Personal information
- Born: 30 March 1996 (age 30) Metz, France

Medal record
Women's triathlon
Representing Luxembourg
Europe Championships
| Gold medal – first place | 2023 Madrid | Individual |

= Jeanne Lehair =

French-born Luxembourg triathlete (born 1996)

Jeanne Lehair (born March 30, 1996) is a French born Luxembourg professional triathlete. She changed her nationality in time to compete at the Paris Olympics and she became the European Champion in 2023 under her new flag.

==Life==
Lehair was born in Metz and at the age of seven she got interested in sport and joined the local Sports Club in the following year. Her father was interested in triathlon and she was interested in several sports.
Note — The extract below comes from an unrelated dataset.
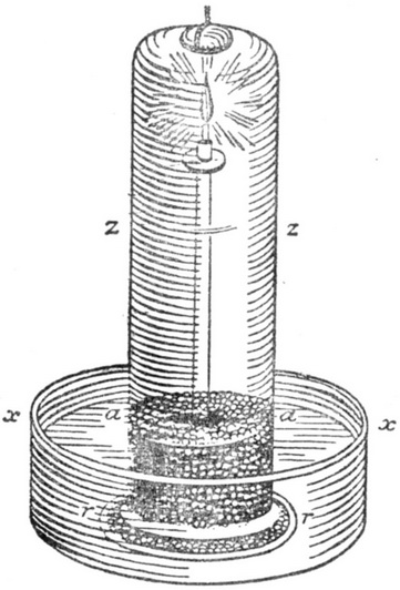 倒置的玻璃筒zzaa 用一根绳子悬吊,使它的口在水下3 或4 英寸处。用一根虹吸管把空气从玻璃筒中吸出,直至水上升到aa。当燃烧或呼吸破坏了一部分空气的弹性时,水便上升到zz,而空间aazz 表明了弹性被破坏的那部分空气的数量。反之,当支座上的物质产生空气时,水先上升到zz,而当这水再从zz 下降到aa 时,空间zzaa 便表明了所产生空气的数量。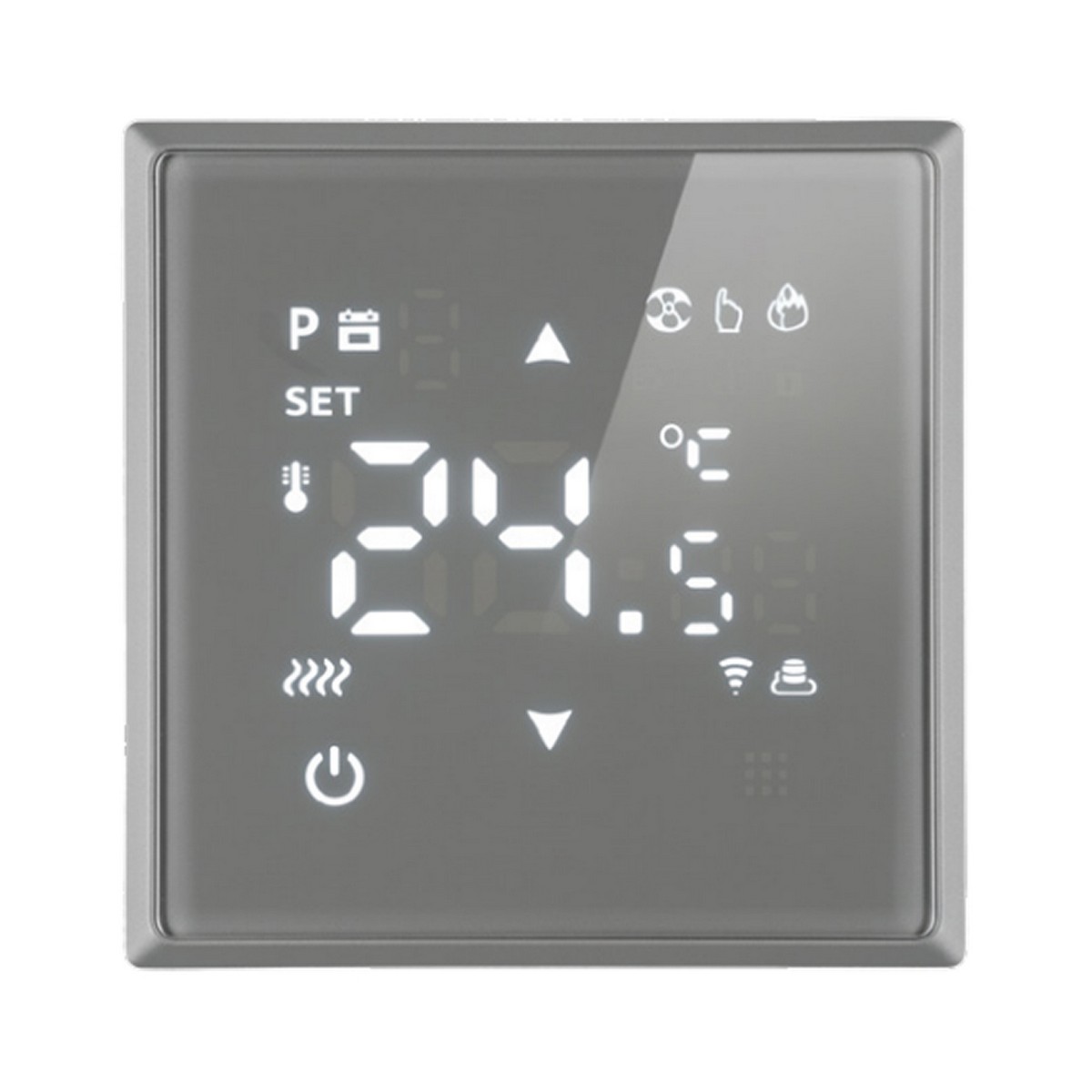 Терморегулятор сенсорный STEKKER RSW00-5119-10, серия Эмили, с подсветкой (белый), тип установки - скрытый, размер изделия 71*71*46мм., цвет платиново-серый, soft touch, материал изделия ABS пластик, латунь. Номинальное напряжение 250 , номинальный ток 16А, IP20

The triathlon event was a natural choice and she became a youth champion in 2011. Her stubborn determination and ambition resulted in her becoming a champion at aquathon and duathlon in 2012 and 2013 respectively. When she was eighteen she was training to be a physiotherapist.
In 2015, she became European and world mixed relay champion with the French team.

In 2021 she was competing as a French athlete, but she decided to compete for the country of Luxembourg. At 2022 European Championships she was not given a country because she was in transition. Luxembourg was noted as being keen to have her in their team, but she was still competing as French.

In March 2023 she was one of three athletes whose requested change of nationality was recognised by the International Olympic Committee. The changes were made using a speedy route because there were no objections, and this meant that she would be eligible to compete at the 2024 Paris Olympics.

In June 2023 she won the European Triathlon Championships in Madrid.

In August 2023 she was competing for Luxembourg in London. She won the event beating Sophie Coldwell from the UK and the American Taylor Spivey.

She competed in the women's triathlon at the 2024 Summer Olympics in Paris, France.